We are mindful of the fact that the emergence of Julie Asange’s Wikileaks and indeed the internet has engendered a situation where leaking “state secrets” and other data and information considered “highly confidential” is now almost a fad of sorts. The United States Government was, in 2010, embarrassed by the leakage of its military and diplomatic cables by Wikileaks. This has made every country to guard with greater care information that could compromise national security or the well-being of their citizens. We also understand that there have always been leaks in government. And it is not peculiar to Nigeria. Besides, government itself sometimes indulges in leaks for different reasons: To test the waters, to justify an action already taken or indeed to communicate information to the public in a clandestine manner.

However, these are exceptions rather than the norm. In the case of Nigeria, the flow of unauthorised information to the public domain is now almost at the discretion of everyone in government. What is bizarre in our own case is that it is actually those who are charged with safeguarding such sensitive documents that often leak them to the public. This is not only reprehensible in the extreme, it is what happens in a milieu where professionalism and responsible statecraft are thrown to the dogs by senior officials.
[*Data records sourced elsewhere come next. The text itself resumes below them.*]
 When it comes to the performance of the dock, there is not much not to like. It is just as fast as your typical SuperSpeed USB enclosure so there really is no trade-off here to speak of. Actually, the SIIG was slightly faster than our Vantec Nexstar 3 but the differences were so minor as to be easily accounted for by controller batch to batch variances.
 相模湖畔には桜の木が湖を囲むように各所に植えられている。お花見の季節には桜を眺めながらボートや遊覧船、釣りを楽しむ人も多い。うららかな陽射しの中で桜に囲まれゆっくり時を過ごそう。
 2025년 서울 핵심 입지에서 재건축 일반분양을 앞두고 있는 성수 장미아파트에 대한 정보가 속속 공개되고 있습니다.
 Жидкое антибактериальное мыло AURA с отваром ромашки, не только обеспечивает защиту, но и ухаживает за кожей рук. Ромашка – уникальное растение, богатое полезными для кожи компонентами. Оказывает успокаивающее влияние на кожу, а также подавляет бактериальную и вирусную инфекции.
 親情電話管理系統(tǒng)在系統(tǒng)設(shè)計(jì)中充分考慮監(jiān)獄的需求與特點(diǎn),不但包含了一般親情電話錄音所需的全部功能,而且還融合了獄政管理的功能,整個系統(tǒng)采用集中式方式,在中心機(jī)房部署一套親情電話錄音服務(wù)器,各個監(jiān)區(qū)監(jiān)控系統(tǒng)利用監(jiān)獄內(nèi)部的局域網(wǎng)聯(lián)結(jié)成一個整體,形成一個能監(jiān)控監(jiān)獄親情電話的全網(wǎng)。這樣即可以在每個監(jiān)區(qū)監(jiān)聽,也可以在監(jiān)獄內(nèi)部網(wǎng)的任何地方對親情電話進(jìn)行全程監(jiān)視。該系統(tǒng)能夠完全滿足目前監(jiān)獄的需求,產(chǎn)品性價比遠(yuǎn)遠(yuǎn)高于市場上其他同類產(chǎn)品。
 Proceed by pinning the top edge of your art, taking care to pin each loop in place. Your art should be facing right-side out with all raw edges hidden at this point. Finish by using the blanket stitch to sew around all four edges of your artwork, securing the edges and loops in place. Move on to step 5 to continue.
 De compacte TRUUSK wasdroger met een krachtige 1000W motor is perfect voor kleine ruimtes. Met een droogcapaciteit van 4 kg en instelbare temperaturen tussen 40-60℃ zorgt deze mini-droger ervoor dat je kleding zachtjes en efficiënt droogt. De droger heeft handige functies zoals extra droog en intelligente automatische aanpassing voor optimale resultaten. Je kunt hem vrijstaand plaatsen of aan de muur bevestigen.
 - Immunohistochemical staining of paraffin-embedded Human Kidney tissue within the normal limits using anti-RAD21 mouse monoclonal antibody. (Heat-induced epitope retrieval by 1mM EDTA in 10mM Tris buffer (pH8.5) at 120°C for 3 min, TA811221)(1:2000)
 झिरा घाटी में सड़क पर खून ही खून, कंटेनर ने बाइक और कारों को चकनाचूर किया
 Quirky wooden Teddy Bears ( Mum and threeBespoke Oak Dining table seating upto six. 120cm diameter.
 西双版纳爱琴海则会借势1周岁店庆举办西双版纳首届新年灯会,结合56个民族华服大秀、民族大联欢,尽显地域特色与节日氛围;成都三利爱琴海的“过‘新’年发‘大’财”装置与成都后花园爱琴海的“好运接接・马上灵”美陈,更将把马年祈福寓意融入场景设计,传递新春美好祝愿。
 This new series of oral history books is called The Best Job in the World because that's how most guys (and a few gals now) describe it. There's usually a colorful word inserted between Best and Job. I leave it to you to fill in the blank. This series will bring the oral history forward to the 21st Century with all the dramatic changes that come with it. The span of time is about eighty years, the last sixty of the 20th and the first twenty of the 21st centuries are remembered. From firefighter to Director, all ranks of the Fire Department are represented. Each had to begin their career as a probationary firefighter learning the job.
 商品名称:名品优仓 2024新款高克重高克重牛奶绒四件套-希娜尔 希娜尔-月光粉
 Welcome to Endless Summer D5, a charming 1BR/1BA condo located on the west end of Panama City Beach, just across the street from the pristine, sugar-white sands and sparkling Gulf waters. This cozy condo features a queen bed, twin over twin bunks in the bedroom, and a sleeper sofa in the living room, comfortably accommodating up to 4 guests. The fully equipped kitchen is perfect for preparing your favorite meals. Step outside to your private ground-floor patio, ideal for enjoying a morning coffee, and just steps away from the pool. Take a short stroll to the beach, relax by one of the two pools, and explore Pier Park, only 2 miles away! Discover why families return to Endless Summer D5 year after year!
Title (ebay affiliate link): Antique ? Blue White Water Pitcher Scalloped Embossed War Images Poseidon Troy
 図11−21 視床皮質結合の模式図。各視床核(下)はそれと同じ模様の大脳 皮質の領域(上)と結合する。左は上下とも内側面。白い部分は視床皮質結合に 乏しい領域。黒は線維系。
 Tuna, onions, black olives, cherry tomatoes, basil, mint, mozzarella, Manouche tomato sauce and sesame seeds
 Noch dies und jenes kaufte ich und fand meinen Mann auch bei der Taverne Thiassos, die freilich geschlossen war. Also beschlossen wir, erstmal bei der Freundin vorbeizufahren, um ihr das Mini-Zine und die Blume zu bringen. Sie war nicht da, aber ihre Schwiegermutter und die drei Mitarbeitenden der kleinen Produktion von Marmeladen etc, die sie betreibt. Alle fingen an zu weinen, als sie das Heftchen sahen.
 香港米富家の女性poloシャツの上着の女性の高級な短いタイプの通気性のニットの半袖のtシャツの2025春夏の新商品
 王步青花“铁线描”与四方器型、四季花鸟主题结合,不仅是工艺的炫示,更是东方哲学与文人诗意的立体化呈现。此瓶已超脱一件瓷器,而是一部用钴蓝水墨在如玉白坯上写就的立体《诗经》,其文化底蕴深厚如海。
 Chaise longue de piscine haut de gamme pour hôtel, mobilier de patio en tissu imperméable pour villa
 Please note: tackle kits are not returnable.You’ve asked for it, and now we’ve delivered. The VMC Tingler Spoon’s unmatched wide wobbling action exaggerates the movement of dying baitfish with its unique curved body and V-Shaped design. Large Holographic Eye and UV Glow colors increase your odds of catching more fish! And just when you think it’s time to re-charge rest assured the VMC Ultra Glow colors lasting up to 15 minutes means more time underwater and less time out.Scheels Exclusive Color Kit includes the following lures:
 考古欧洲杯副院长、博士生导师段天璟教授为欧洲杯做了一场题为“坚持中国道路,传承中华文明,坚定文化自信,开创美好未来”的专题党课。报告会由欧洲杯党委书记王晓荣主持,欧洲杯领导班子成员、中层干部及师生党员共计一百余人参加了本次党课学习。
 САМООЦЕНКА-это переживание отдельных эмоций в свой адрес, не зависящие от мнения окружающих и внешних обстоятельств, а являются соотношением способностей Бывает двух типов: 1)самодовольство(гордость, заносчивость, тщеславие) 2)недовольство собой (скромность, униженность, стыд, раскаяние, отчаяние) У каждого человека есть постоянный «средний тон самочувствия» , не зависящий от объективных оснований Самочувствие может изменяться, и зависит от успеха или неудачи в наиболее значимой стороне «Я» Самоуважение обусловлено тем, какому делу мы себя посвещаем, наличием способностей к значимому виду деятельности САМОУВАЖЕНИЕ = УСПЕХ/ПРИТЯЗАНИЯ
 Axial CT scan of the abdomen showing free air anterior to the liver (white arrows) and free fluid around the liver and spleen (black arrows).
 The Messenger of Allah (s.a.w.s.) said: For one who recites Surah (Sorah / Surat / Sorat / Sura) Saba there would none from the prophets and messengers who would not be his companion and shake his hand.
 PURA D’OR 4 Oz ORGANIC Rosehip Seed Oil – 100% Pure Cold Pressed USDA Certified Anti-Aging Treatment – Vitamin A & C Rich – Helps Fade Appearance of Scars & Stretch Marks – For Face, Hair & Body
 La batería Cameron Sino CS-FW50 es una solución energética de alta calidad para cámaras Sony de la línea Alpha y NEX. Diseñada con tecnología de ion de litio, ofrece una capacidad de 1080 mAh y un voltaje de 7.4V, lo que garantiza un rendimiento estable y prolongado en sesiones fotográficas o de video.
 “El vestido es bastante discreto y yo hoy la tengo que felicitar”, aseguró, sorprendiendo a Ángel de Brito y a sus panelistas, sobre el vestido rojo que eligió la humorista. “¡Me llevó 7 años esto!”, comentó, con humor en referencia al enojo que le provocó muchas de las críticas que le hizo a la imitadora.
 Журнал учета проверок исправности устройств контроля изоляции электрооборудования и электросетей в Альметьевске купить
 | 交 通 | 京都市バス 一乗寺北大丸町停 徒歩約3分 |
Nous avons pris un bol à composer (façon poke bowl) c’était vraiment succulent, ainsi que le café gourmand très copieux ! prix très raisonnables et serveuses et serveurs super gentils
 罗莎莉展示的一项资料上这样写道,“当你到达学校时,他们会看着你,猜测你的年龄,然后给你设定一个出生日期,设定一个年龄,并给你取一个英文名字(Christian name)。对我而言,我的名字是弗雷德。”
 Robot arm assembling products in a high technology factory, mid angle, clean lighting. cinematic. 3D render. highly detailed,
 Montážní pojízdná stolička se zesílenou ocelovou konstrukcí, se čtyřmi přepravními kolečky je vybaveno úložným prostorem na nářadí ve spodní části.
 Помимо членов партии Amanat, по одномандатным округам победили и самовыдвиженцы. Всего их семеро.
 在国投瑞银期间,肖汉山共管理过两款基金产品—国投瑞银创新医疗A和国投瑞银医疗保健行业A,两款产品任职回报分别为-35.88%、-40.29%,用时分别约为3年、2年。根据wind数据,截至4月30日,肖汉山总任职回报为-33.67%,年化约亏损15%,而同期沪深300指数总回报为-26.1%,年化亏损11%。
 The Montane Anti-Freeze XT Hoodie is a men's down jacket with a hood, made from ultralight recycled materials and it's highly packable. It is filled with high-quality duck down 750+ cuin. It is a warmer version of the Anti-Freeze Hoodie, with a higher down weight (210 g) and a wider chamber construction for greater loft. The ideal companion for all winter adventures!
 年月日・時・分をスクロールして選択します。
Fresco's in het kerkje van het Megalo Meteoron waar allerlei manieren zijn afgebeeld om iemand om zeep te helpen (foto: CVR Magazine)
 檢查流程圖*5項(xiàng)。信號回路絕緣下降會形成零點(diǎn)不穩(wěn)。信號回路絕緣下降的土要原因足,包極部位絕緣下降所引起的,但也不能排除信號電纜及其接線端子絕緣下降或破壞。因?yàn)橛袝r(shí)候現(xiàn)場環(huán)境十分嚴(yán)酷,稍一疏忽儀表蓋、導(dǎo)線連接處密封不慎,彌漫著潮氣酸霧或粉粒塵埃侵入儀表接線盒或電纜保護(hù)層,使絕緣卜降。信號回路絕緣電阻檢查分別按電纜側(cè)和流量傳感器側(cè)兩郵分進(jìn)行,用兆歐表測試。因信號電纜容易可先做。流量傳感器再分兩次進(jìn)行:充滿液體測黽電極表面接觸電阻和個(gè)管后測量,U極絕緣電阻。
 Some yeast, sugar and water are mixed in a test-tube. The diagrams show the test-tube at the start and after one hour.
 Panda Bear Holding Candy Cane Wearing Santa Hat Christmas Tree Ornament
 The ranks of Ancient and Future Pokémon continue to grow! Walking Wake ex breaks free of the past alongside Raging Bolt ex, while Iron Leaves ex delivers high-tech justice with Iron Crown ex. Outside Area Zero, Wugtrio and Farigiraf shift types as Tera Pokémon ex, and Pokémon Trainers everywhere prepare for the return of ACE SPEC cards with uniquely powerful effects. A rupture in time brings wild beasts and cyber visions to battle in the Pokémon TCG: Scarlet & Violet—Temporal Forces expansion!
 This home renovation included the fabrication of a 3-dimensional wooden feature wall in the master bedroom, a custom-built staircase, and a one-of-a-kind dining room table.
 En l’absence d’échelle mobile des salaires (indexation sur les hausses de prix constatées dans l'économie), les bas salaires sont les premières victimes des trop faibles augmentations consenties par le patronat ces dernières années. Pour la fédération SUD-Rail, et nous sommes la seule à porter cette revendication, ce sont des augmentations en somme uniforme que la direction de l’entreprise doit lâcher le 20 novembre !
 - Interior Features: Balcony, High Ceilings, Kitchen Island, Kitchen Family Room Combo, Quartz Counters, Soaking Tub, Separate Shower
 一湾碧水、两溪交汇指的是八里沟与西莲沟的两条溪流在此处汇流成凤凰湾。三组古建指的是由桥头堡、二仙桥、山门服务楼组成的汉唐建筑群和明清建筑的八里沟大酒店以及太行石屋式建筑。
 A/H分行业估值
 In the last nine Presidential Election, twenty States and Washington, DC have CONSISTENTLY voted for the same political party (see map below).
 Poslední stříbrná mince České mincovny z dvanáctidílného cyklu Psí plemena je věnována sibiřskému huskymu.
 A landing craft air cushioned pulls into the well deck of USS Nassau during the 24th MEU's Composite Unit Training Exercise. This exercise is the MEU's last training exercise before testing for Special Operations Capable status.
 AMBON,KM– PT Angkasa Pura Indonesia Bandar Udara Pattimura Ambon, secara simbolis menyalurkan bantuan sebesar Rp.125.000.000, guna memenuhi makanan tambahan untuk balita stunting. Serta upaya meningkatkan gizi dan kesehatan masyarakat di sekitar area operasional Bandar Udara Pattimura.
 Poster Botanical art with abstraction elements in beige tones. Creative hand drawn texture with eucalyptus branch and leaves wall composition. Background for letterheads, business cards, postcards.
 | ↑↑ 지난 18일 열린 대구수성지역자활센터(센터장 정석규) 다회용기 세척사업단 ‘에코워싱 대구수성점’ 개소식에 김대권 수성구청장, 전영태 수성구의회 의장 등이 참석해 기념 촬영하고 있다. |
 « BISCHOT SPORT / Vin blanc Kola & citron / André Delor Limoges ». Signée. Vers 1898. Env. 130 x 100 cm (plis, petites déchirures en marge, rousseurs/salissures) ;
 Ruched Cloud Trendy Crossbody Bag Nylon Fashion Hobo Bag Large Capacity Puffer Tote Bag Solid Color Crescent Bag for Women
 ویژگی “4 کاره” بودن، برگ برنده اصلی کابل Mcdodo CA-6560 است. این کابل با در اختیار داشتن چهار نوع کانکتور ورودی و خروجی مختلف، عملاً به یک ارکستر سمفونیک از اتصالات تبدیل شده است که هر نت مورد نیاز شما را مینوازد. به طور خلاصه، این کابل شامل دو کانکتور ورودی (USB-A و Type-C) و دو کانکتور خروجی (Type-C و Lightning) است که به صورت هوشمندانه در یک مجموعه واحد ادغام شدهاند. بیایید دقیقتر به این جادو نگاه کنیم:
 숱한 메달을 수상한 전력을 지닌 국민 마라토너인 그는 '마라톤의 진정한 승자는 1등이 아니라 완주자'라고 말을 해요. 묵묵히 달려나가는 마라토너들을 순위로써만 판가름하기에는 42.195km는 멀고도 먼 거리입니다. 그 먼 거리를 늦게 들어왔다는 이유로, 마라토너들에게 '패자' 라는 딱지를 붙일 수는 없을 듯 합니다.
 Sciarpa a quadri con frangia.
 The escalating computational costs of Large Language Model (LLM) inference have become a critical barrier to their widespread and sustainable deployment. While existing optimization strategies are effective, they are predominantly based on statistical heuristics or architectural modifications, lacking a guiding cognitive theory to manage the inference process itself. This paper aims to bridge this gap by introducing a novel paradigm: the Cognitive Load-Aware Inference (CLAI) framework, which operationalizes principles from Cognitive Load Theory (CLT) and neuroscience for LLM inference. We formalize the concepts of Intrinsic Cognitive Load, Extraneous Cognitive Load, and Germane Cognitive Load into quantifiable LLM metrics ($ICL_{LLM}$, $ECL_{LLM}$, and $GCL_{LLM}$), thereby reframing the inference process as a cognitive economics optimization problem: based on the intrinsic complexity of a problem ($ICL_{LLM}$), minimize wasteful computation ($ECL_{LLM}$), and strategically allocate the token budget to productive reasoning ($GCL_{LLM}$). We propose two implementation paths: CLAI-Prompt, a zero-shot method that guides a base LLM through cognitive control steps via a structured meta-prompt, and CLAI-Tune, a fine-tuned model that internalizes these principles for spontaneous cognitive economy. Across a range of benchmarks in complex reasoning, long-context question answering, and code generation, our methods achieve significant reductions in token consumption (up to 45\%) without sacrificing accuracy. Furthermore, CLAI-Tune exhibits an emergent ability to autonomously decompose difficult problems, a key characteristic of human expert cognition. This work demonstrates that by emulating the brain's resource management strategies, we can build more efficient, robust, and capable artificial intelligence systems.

We reaffirm our commitment to transparency and the right of the public to know about the goings-on in government. We also uphold the Freedom of Information Act which gives Nigerians the legal right to ask for and access information and documents held by the government or its agencies in the bid to promote such openness. We, however, frown at the torrential outpouring of official documents in a manner that practically subverts the state. These leaks have costs and consequences. They are also taking a toll on the reputation of the Buhari administration, like we saw with the presidential speech. The only mitigating factor is that it was not a national security document.

It is therefore time our new crop of officials realised that unauthorised release of information discredits the government and weakens the decision-making process.